Pretrained models can be downloaded using get-model.sh. Currently availble models are [nq_reader_base, nq_reader_large, nq_retriever, tqa_reader_base, tqa_reader_large, tqa_retriever].

bash get-model.sh -m model_name

Performance of the pretrained models:

Mode size NaturalQuestions TriviaQA
dev test dev test
base 49.2 50.1 68.7 69.3
large 52.7 54.4 72.5 72.5

I. Fusion-in-Decoder

Fusion-in-Decoder models can be trained using train_reader.py and evaluated with test_reader.py.

Train

train_reader.py provides the code to train a model. An example usage of the script is given below:

python train_reader.py \
        --train_data train_data.json \
        --eval_data eval_data.json \
        --model_size base \
        --per_gpu_batch_size 1 \
        --n_context 100 \
        --name my_experiment \
        --checkpoint_dir checkpoint \

Training these models with 100 passages is memory intensive. To alleviate this issue we use checkpointing with the --use_checkpoint option. Tensors of variable sizes lead to memory overhead. Encoder input tensors have a fixed size by default, but not the decoder input tensors. The tensor size on the decoder side can be fixed using --answer_maxlength. The large readers have been trained on 64 GPUs with the following hyperparameters:

python train_reader.py \
        --use_checkpoint \
        --lr 0.00005 \
        --optim adamw \
        --scheduler linear \
        --weight_decay 0.01 \
        --text_maxlength 250 \
        --per_gpu_batch_size 1 \
        --n_context 100 \
        --total_step 15000 \
        --warmup_step 1000 \

Test

You can evaluate your model or a pretrained model with test_reader.py. An example usage of the script is provided below.

python test_reader.py \
        --model_path checkpoint_dir/my_experiment/my_model_dir/checkpoint/best_dev \
        --eval_data eval_data.json \
        --per_gpu_batch_size 1 \
        --n_context 100 \
        --name my_test \
        --checkpoint_dir checkpoint \

II. Distilling knowledge from reader to retriever for question answering

This repository also contains code to train a retriever model following the method proposed in our paper: Distilling knowledge from reader to retriever for question answering. This code is heavily inspired by the DPR codebase and reuses parts of it. The proposed method consists in several steps:

1. Obtain reader cross-attention scores

Assuming that we have already retrieved relevant passages for each question, the first step consists in generating cross-attention scores. This can be done using the option --write_crossattention_scores in test.py. It saves the dataset with cross-attention scores in checkpoint_dir/name/dataset_wscores.json. To retrieve the initial set of passages for each question, different options can be considered, such as DPR or BM25.

python test.py \
        --model_path my_model_path \
        --eval_data data.json \
        --per_gpu_batch_size 4 \
        --n_context 100 \
        --name my_test \
        --checkpoint_dir checkpoint \
        --write_crossattention_scores \

2. Retriever training

train_retriever.py provides the code to train a retriever using the scores previously generated.
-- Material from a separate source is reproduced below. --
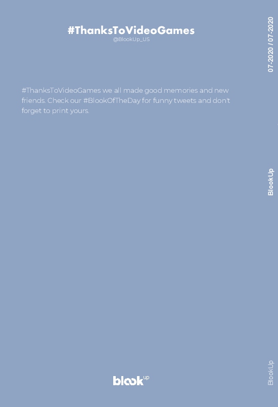 #ThanksToVideoGames we all made good memories and new friends. Check our #BlookOfTheDay for funny tweets and don’t forget to print yours.
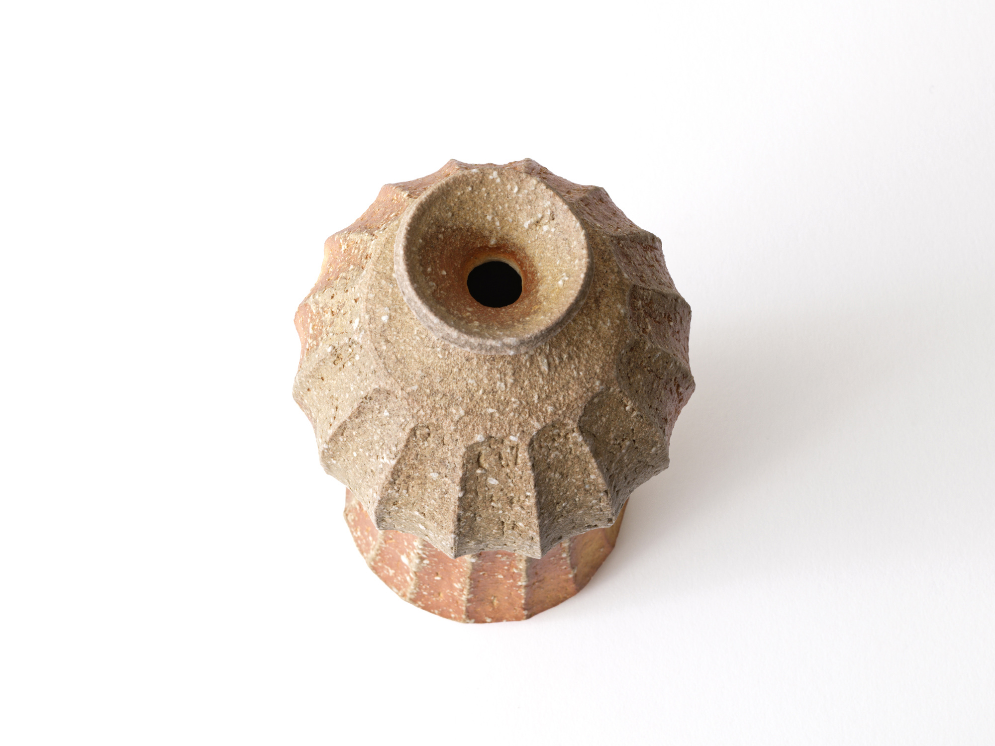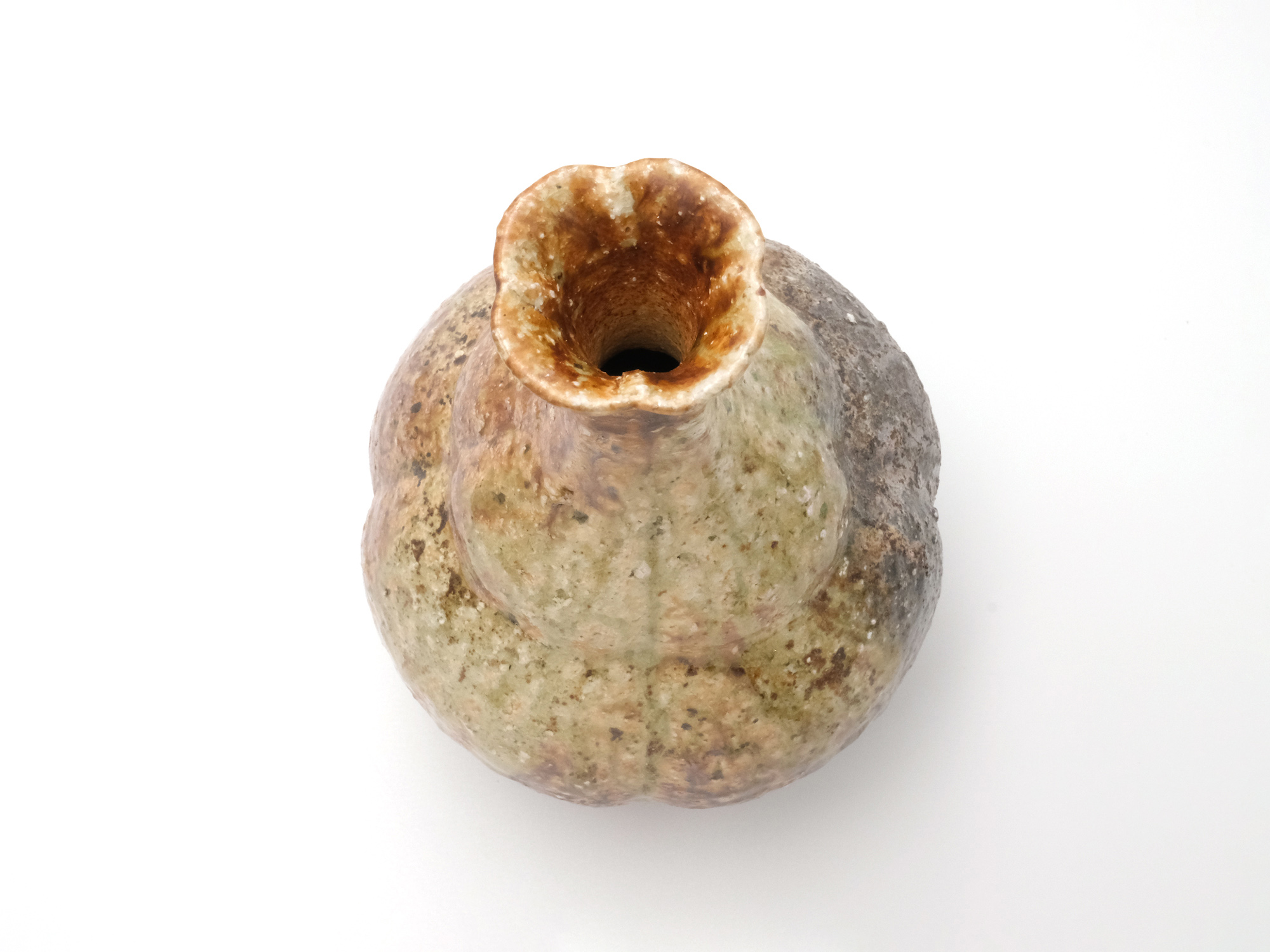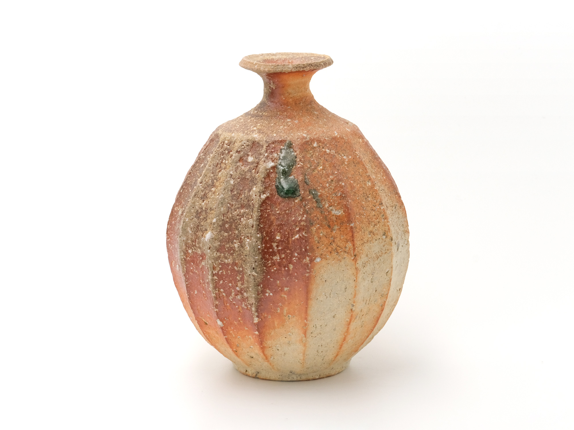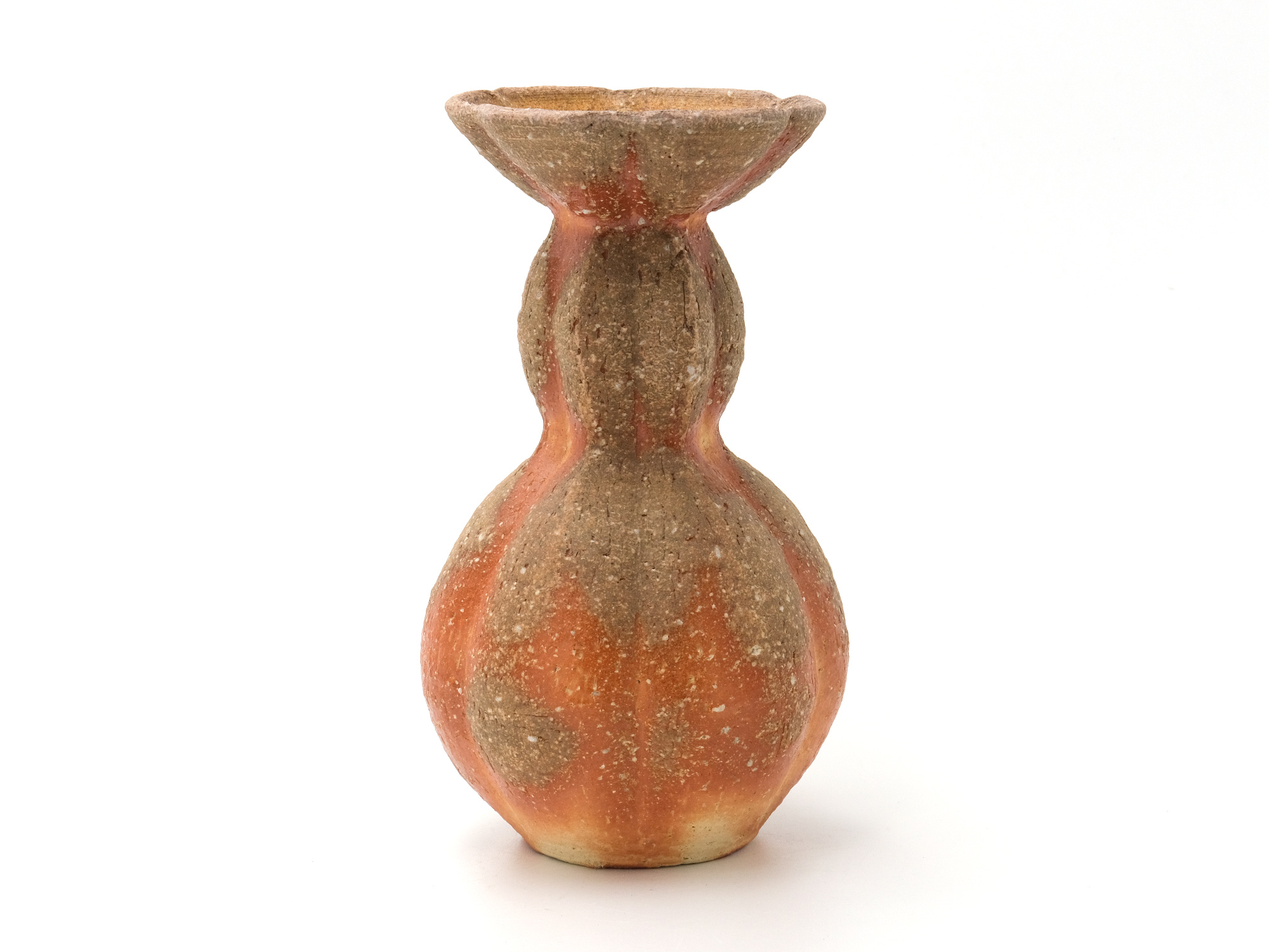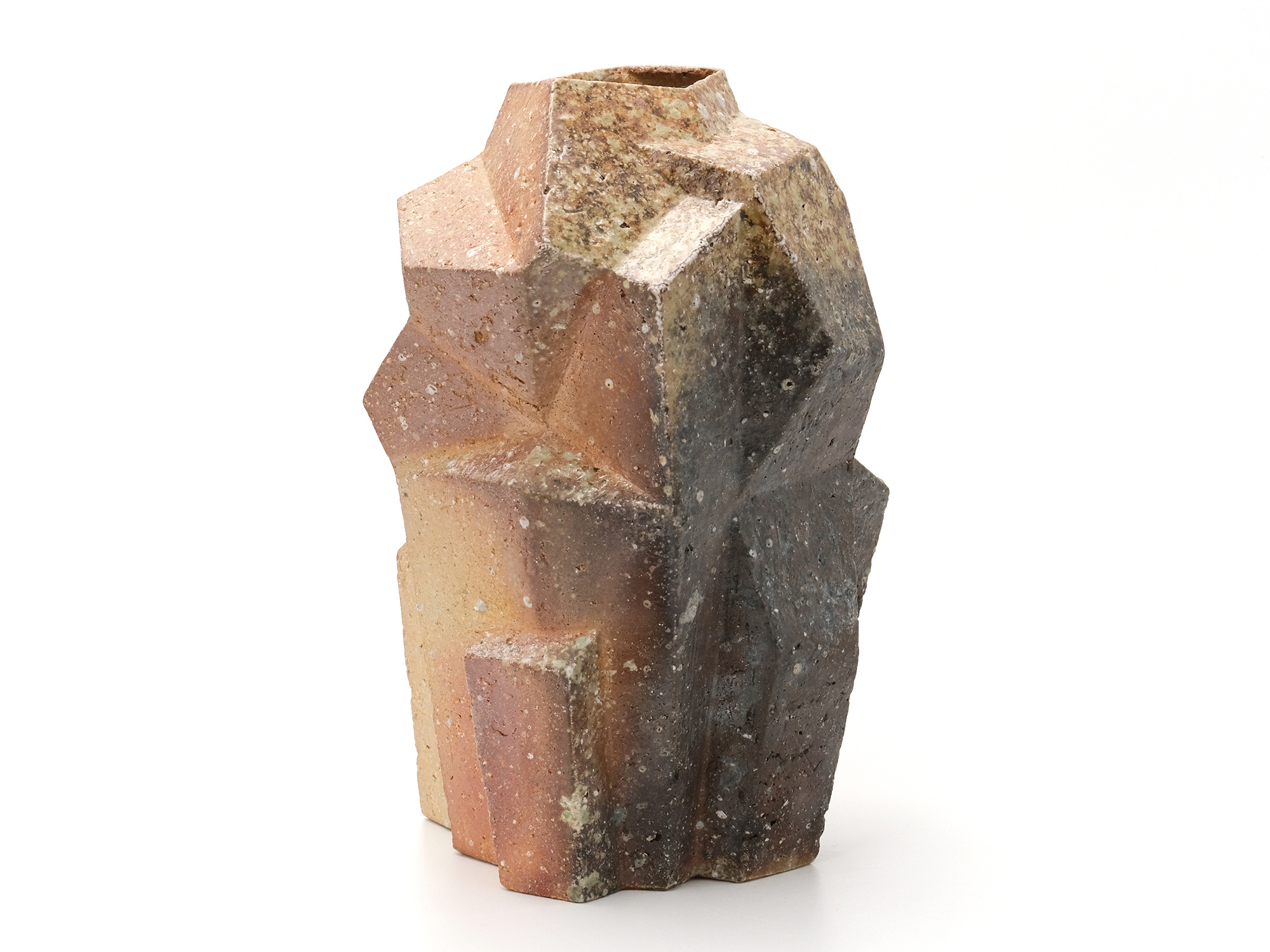 次女 美子の《茶碗》は灰被りと焦げが見られ、ふっくらとして温かい。《しのぎ花入》は上品な女性を眺めるようで、肩から裾にかけての美しい曲線が魅力的である。

python train_retriever.py \
        --lr 1e-4 \
        --optim adamw \
        --scheduler linear \
        --train_data train_data.json \
        --eval_data eval_data.json \
        --n_context 100 \
        --total_steps 20000 \
        --scheduler_steps 30000 \

3. Knowldege source indexing

Then the trained retriever is used to index a knowldege source, Wikipedia in our case.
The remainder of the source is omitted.